The primary scatterplot displays the relationship between total shots attempted and goals scored for all 517 outfield players, colored by position (Forward = red, Midfielder = teal, Defender = orange) and sized by appearances. An OLS regression line with confidence interval confirms the strong positive relationship.

Several patterns stand out. First, Forwards cluster at the upper-right — high shot volume, high goal output — as expected, while Defenders cluster tightly near the origin, rarely attempting more than 20 shots and almost never scoring more than 2–3 goals. Midfielders occupy the wide middle ground, with tremendous spread: Mohamed Salah (130 shots, 29 goals) sits far in the upper-right alongside Erling Haaland and Alexander Isak, yet is classified as a midfielder by the Premier League. For a midfielder that tracks back on defense, he is one of few in the world.

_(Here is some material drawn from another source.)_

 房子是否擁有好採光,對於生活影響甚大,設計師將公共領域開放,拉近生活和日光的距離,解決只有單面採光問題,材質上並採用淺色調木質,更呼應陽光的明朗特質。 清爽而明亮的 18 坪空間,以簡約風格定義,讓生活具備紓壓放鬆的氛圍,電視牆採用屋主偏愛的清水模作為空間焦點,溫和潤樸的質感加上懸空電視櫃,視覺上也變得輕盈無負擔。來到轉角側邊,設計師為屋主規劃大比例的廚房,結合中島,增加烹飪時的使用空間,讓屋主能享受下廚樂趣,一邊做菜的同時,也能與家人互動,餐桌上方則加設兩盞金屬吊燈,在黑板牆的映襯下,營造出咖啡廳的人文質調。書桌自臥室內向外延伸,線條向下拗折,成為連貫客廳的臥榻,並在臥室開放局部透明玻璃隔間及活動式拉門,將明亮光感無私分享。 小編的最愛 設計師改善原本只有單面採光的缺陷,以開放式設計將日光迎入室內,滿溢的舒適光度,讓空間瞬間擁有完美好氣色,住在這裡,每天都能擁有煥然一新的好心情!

The most surprising finding is how Mohamed Salah’s season stands alone — he attempted nearly 30 more shots than the second-highest player and scored 29 goals, the most in the dataset. His dot is visually isolated from even other high-volume shooters, suggesting elite efficiency on top of elite volume.

The secondary boxplot reinforces that forwards produce dramatically more goal contributions than midfielders or defenders, but also reveals how wide the midfielder distribution is that some midfielders contribute as much as top forwards, while others contribute nothing all season. The jittered points make this diverseness visible in a way raw summary statistics cannot.

c. Limitations and Wishes

One limitation of the regression is that OLS assumes normally distributed residuals, but goals data is count-based and right-skewed. A Poisson or negative binomial regression would be more statistically appropriate and is something I explored conceptually but did not implement due to scope constraints. Including it in a future analysis would help me and the viewers of this data analysis a lot more in understanding what the numbers and relations truly mean to the minutest detail possible.

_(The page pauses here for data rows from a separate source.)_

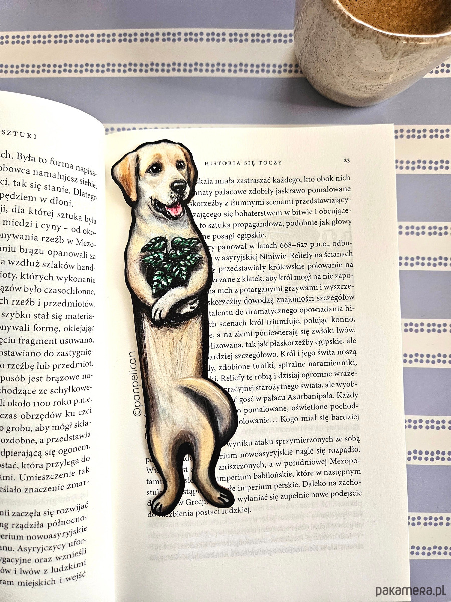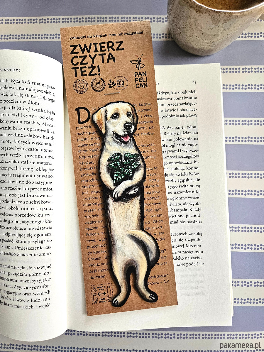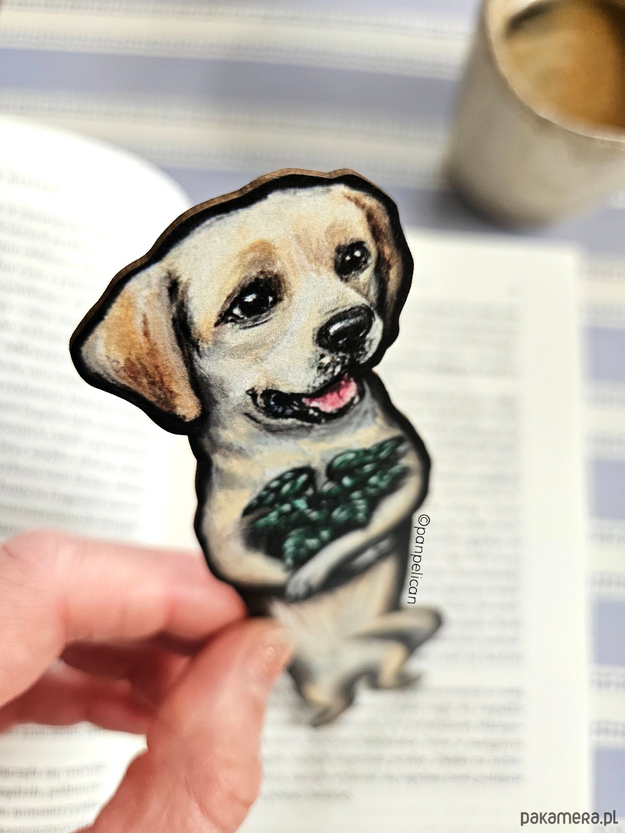 Autorska dwustronna zakładka do książki „abrador Rockie”*. Druk na ekotekturze premium, reprodukcja malowanego ręcznie wzoru.
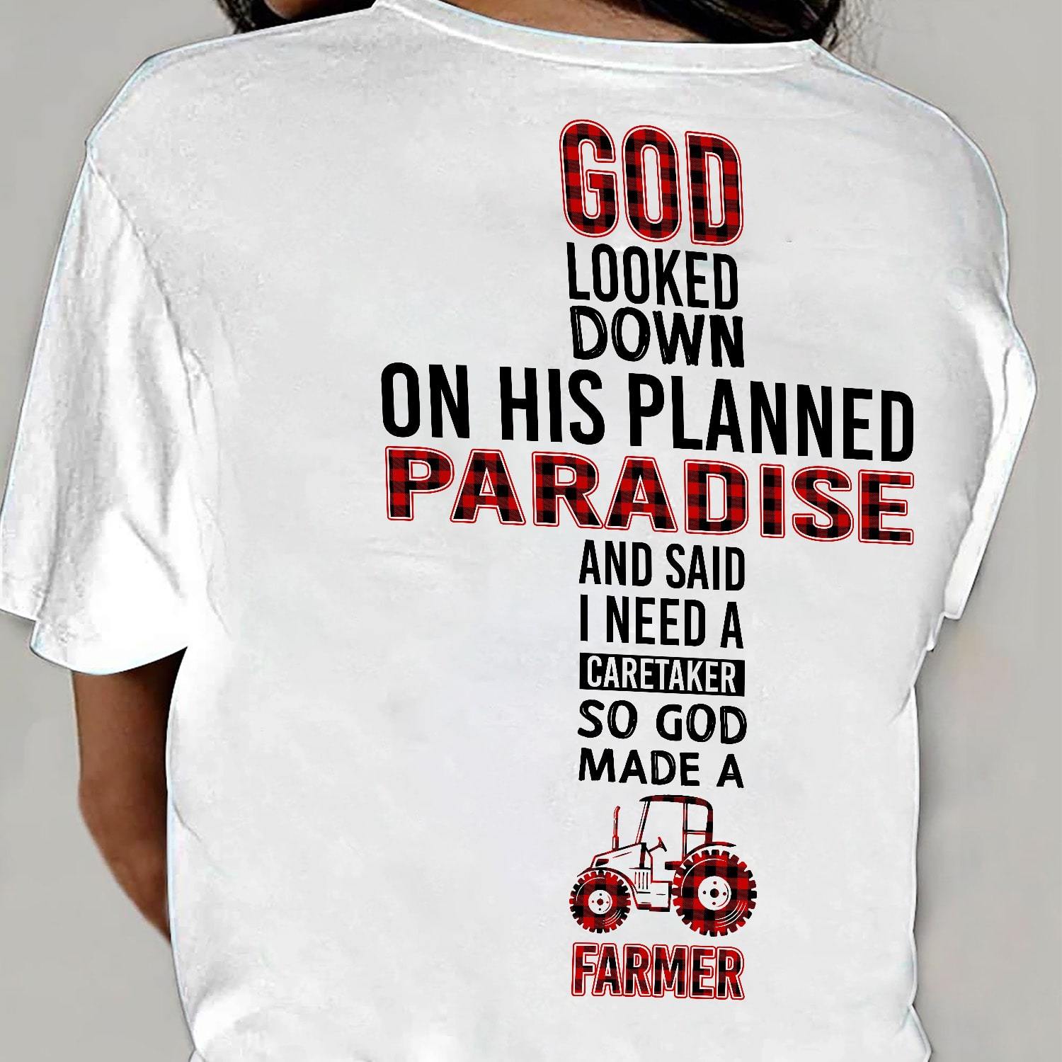 God need a caretaker so he made a farmer - Jesus Back printed Apparel
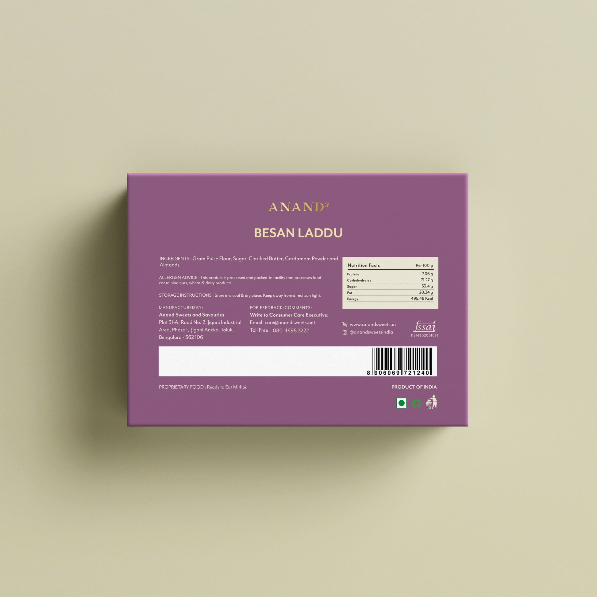 Soft and nutritious, the Anand Sweets Besan Laddus are packed in attractive boxes with the trademark Anand design evoking the ‘taste of royal India’. Stored in an airtight container and kept in a cool, dry place, the laddus stay fresh up to 6 months.
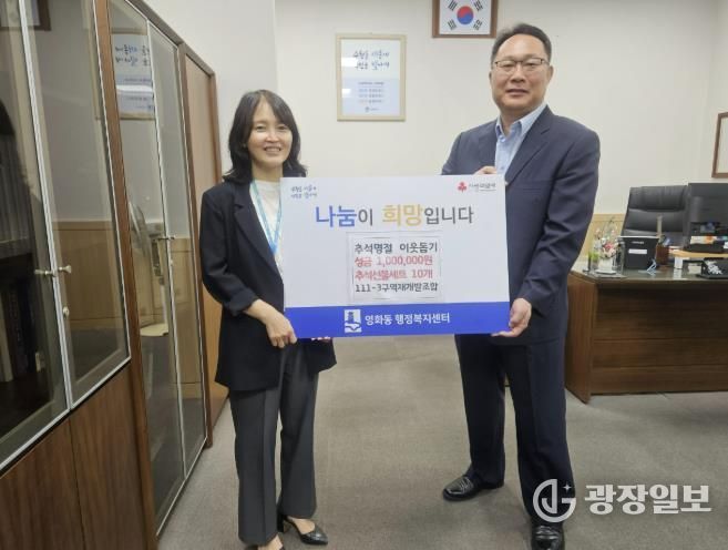 광장일보 나학천 기자 | 수원시 장안구 영화동 111-3구역 주택재개발정비사업조합은 지난 26일, 추석 명절을 맞아 지역 내 저소득층을 지원하기 위해 130만 원 상당의 후원금을 영화동 행정복지센터에 전달했다.
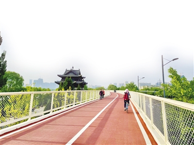 跨上一辆自行车,穿越整个城市。在太原市,滨河自行车专用道纵贯太原南北中轴线,成为当地的新地标。
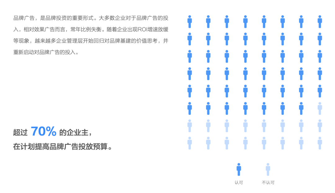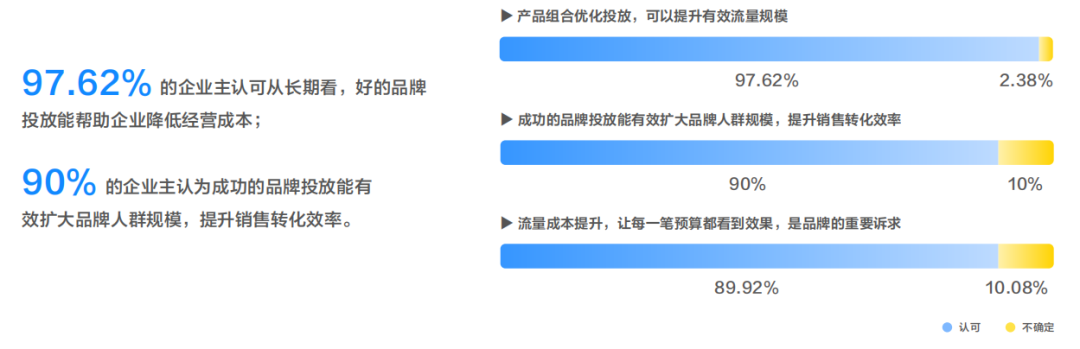 调研显示,实际上高达94%的企业主依然坚信品牌才是企业发展的护城河;超过70%的企业主在计划提高品牌广告的预算。

I also would have liked to include a heatmap of performance metrics by club, showing which teams produce the most shots, touches, or progressive carries per player on average, which is useful for identifying tactical styles. A treemap of total goals by club, sized by squad size, was also briefly explored but setting up the treemap geometry in R took longer than expected.

Finally, the ggrepel package is required for the text labels in the main scatterplot. If that package is unavailable, the labels can be removed by deleting the geom_text_repel() layer without affecting the rest of the chart.